Execute tpu embedding load function exclusively.

PiperOrigin-RevId: 448329928
diff --git a/tensorflow/dtensor/cc/constants.h b/tensorflow/dtensor/cc/constants.h
index 94fa4a5..94a6895 100644
--- a/tensorflow/dtensor/cc/constants.h
+++ b/tensorflow/dtensor/cc/constants.h
@@ -127,6 +127,9 @@
 
 // Name of dtensor load embedding function.
 static constexpr char kLoadEmbeddingFn[] = "load_embedding_fn";
+
+// Name of dtensor retrieve embedding function.
+static constexpr char kRetrieveEmbeddingFn[] = "retrieve_embedding_fn";
 }  // namespace dtensor
 }  // namespace tensorflow
 
diff --git a/tensorflow/dtensor/cc/dtensor_device.cc b/tensorflow/dtensor/cc/dtensor_device.cc
index e922382..0afd917 100644
--- a/tensorflow/dtensor/cc/dtensor_device.cc
+++ b/tensorflow/dtensor/cc/dtensor_device.cc
@@ -1441,6 +1441,11 @@
   }
   VLOG(4) << tensorflow::DumpGraphToFile("after_mlir_spmd_lowering", *graph,
                                          flib_def);
+  if (flib_def->Contains(kLoadEmbeddingFn)) {
+    Status s = InsertFunctionForTPUEmbeddingCheckpoint(
+        status, graph.get(), inputs, kLoadEmbeddingFn);
+    RETURN_C_STATUS_IF_NOT_OK(s, status);
+  }
 
   // After MLIR transformations, exactly one StatefulPartitionedCall op is
   // returned for mesh cluster in computation.
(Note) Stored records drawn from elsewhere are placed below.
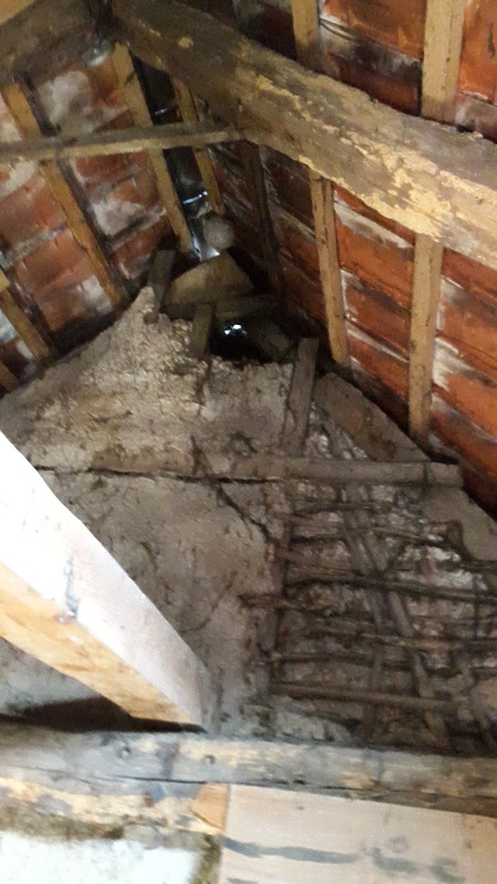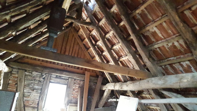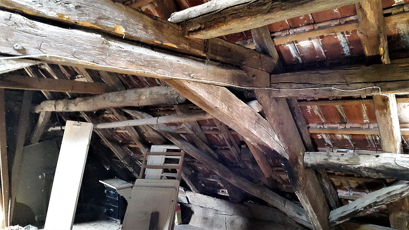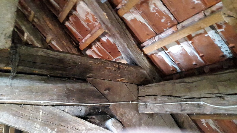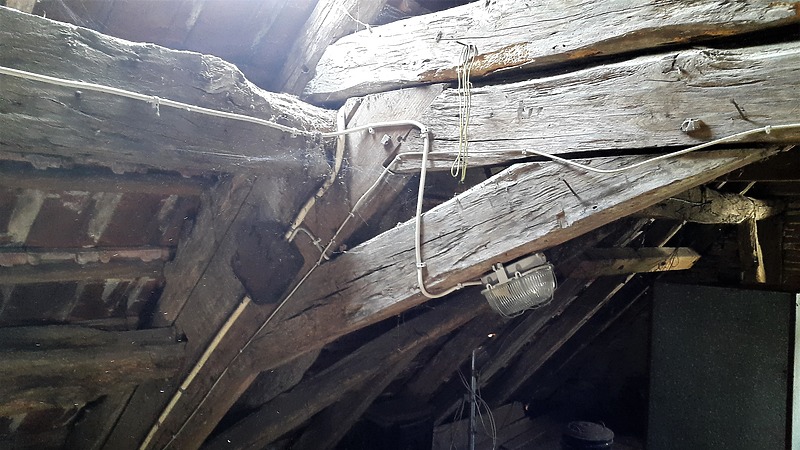 Besonders auffällig sind die Fäulnisschäden im nicht ausgebauten Spitzboden – trotz einiger zimmermannsmäßiger Reparaturen dürfte die Standfestigkeit immer mehr in Zweifel gezogen werden.
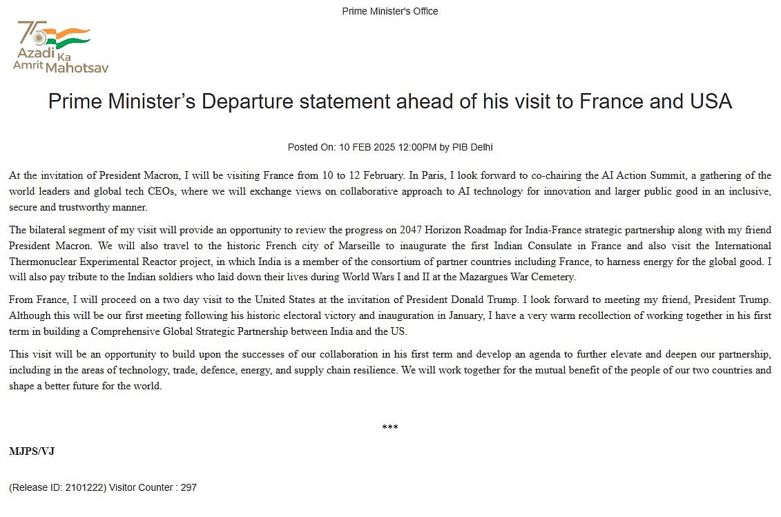 அமெரிக்க பயணத்துக்கு முன்பாக, பிரான்ஸ் நாட்டுக்கு புறப்பட்டுள்ள பிரதமா் மோடி, அந்நாட்டு அதிபா் இமானுவல் மேக்ரானுடன் சா்வதேச செயற்கை நுண்ணறிவு செயல்பாட்டு உச்சி மாநாட்டில் பங்கேற்கவுள்ளார்.
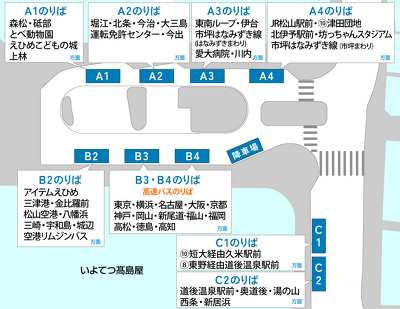 2024年09月27日(金) 松山線 松山市駅前バスのりばの変更について(2024年10月15日~) 岡山~松山線 松山市駅前広場整備に伴い、松山市駅前バスのりば及びのりば番号が変更になります。 ご注意いただきますようお願いいたします。 変更日 2024年10月15日(火) 変更内容 ①②のりば → B3、B4のりば 松山市駅前広場整備について詳細はこちら >>松山市HP 2024年10月15日からののりばは下記のとおり

Identity all functions to execute
@@ -1548,7 +1553,7 @@
   std::map<std::string, const MeshWithParallelDevice*>
       function_name_and_mesh_mapping;
   absl::flat_hash_set<std::string> excluded_fn_names;
-  std::unique_ptr<const TranslatedFunction> epu_fn_ptr;
+  std::unique_ptr<const TranslatedFunction> epu_fn_ptr, load_embedding_ptr;
   for (const TranslatedFunction& function :
        execution_functions->function_list) {
     StatusOr<Mesh> maybe_converted_mesh = function.function_mesh;
@@ -1584,6 +1589,14 @@
       epu_fn_ptr = std::make_unique<const TranslatedFunction>(function);
       excluded_fn_names.insert(function.translated_function_name);
     }
+    if (absl::StartsWith(function.translated_function_name, kLoadEmbeddingFn)) {
+      if (load_embedding_ptr != nullptr) {
+        RETURN_STATUS(status, TF_INTERNAL,
+                      "There are more than one function defined on EPU mesh.");
+      }
+      load_embedding_ptr = std::make_unique<const TranslatedFunction>(function);
+      excluded_fn_names.insert(function.translated_function_name);
+    }
   }
 
   // Compute the step_id based on the function_mesh_fingerprint and the
@@ -1612,6 +1625,23 @@
         /*status=*/status);
   }
 
+  if (load_embedding_ptr != nullptr) {
+    StatusOr<std::vector<parallel_device::ParallelTensor*>> parallel_inputs =
+        PrepareEmbeddingInputs(inputs);
+    if (!parallel_inputs.ok()) {
+      RETURN_STATUS(status, TF_INTERNAL,
+                    parallel_inputs.status().error_message().c_str());
+    }
+    ExecuteFunctionAndWait(
+        context,
+        /*function_ptr=*/load_embedding_ptr.get(),
+        /*parallel_device_mesh=*/
+        function_name_and_mesh_mapping[load_embedding_ptr
+                                           ->translated_function_name],
+        /*parallel_inputs=*/*parallel_inputs, /*step_id=*/step_id,
+        /*attributes=*/attributes, /*status=*/status);
+  }
+
   // Execute all functions in parallel.
   for (const TranslatedFunction& function :
        execution_functions->function_list) {
@@ -1686,6 +1716,10 @@
       TF_NewStatus(), TF_DeleteStatus);
   for (const TranslatedFunction& function :
        execution_functions->function_list) {
+    // Skip execution for a function when it's excluded.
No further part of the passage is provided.